One nice advantage provided by POWER systems is the availability of structured and well-defined reference codes. Besides indicating errors or conditions that otherwise require attention, these codes are also used to indicate the progress of boots or dumps. If your system failed to boot for some reason, the last reference code on the operator’s panel (op panel) would provide a good clue as to what the system was doing just before the failure.
On Linux, besides appearing on the op panel, these reference codes are also found in events that are surfaced in servicelog. While servicelog contains a lot of details that are useful for servicing errors, more information can always be obtained by looking up the reference code.
There are a few kinds of reference codes; the key for decoding these refcodes is the IBM Hardware InfoCenter. I’ll briefly explain the three different types of reference codes (SRCs, SRNs, and menugoals) before showing how they are displayed in servicelog.
System Reference Codes
SRCs are sequences of alphanumeric characters (usually 8 — just enough to fit snugly on the display of the operator’s panel — but sometimes 6). They were first introduced on POWER5 systems, and exist on both System p and System i (formerly pSeries and iSeries). SRCs are documented in InfoCenter: “Service provider information”/”Reference codes”/”Using system reference codes”.
An example of an SRC used as a progress code is C7004091; that refcode indicates that the partition is in a standby state, and is waiting to be manually activated. If the partition is set to be activated automatically, the partition will not stop at this SRC, but will continue to the Open Firmware boot phase.
Linux does not generate SRCs as progress codes, but will generate some as error codes. Additionally, if you have a POWER5 or POWER6 system, events with SRCs may be written to servicelog to indicate platform-level errors.
Service Request Numbers
SRNs are an older formatting method for progress or error codes. They are generated by diagnostics in AIX, and by the firmware on POWER4 (and earlier) systems. If the progress/error code has 5 digits, or has a ‘-‘ character somewhere in it, it is an SRN. These are documented in InfoCenter: “Service provider information”/”Reference codes”/”Using service request numbers”.
As an example, the SRN 747-223 indicates that there was a “miscompare during the write/read of the memory I/O register.” Many SRNs point to a repair procedure called a MAP; in this case, the SRN points to MAP 0050, “SCSI bus problems”, which provides procedures for analyzing and repairing the problem.

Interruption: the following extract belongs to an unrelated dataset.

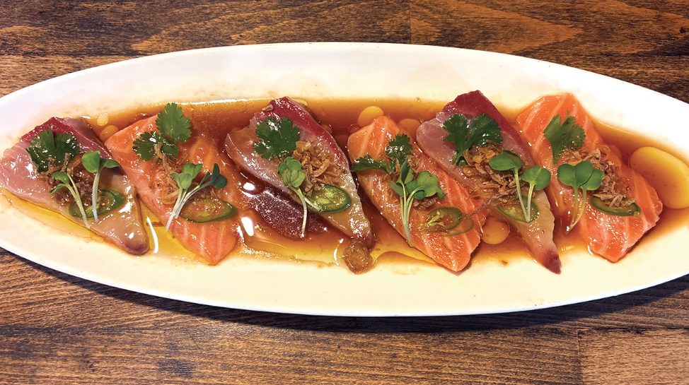 ハマチとサーモンのカルパッチョ 19.75ドル

Linux does not generate SRNs, but you may still see SRNs generated by older POWER platforms. They may also be generated if you boot the eServer Standalone Diagnostics CD to run device diagnostics.

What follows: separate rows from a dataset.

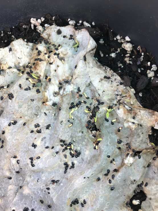 Up date on my dragon fruit. They started getting mold on the paper towel so I took them out and put them in pots. Some are now sprouting.
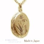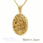 K18YGイエローゴールド ロケット ロケットペンダント 写真入れ 薬入れ ピルケース 楕円形 オーバル 小判型 手彫り柄 地金 艶消し ホーニング 【国産】
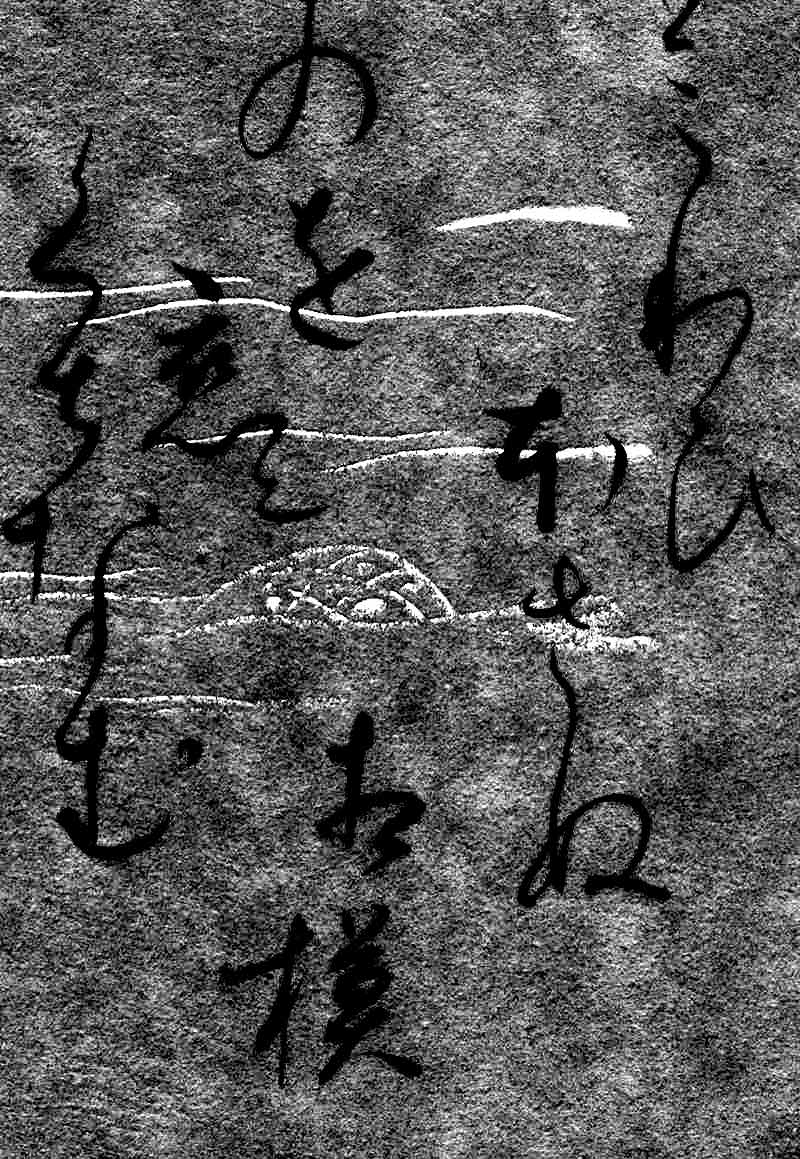 原本自筆上部には、「舟船(しゅうせん)の中に夜、琵琶を弾く者を聞く」《舟の中から夜、琵琶を奏でているのが聞こえてきた。》白楽天の元和十年(815年)江州での作。琵琶行という有名な漢詩です。

Menugoals are reference codes that begin with a ‘#’ character. They are generated by diagnostics, and indicate procedures that can be performed by a system admin rather than by a trained service representative. Menugoals don’t typically indicate errors, but instead convey additional information about the state of the device being diagnosed. As an example, a menugoal might indicate that a tape drive requires cleaning.
Reference Codes in servicelog
Each event in servicelog has a refcode field, which will always contain a reference code (either an SRC, an SRN, or a menugoal). Here is a sample event from servicelog indicating a platform error reported by a POWER system:
PPC64 Platform Event:
Servicelog ID: 64
Event Timestamp: Fri Dec 10 21:37:05 2004
Log Timestamp: Wed Apr 18 00:19:12 2007
Severity: 4 (WARNING)
Serviceable Event: Yes
Event Repaired: No
Reference Code: B125E500
Action Flags: a800
Event Type: 224 - Platform Event
Kernel ID: 1000
Platform ID: 50929493
Creator ID: E - Service Processor
Subsystem ID: 25 - Memory subsystem including external cache
RTAS Severity: 41 - Unrecoverable Error, bypassed with degraded performance
Event Subtype: 00 - Not applicable
Machine Type/Model: 9118-575
Machine Serial: 0SQIH47
Extended Reference Codes:
2: 030000f0 3: 28f00110 4: c13920ff 5: c1000000
6: 00811630 7: 00000001 8: 00d6000d 9: 00000000
Memory subsystem including external cache Informational (non-error) Event.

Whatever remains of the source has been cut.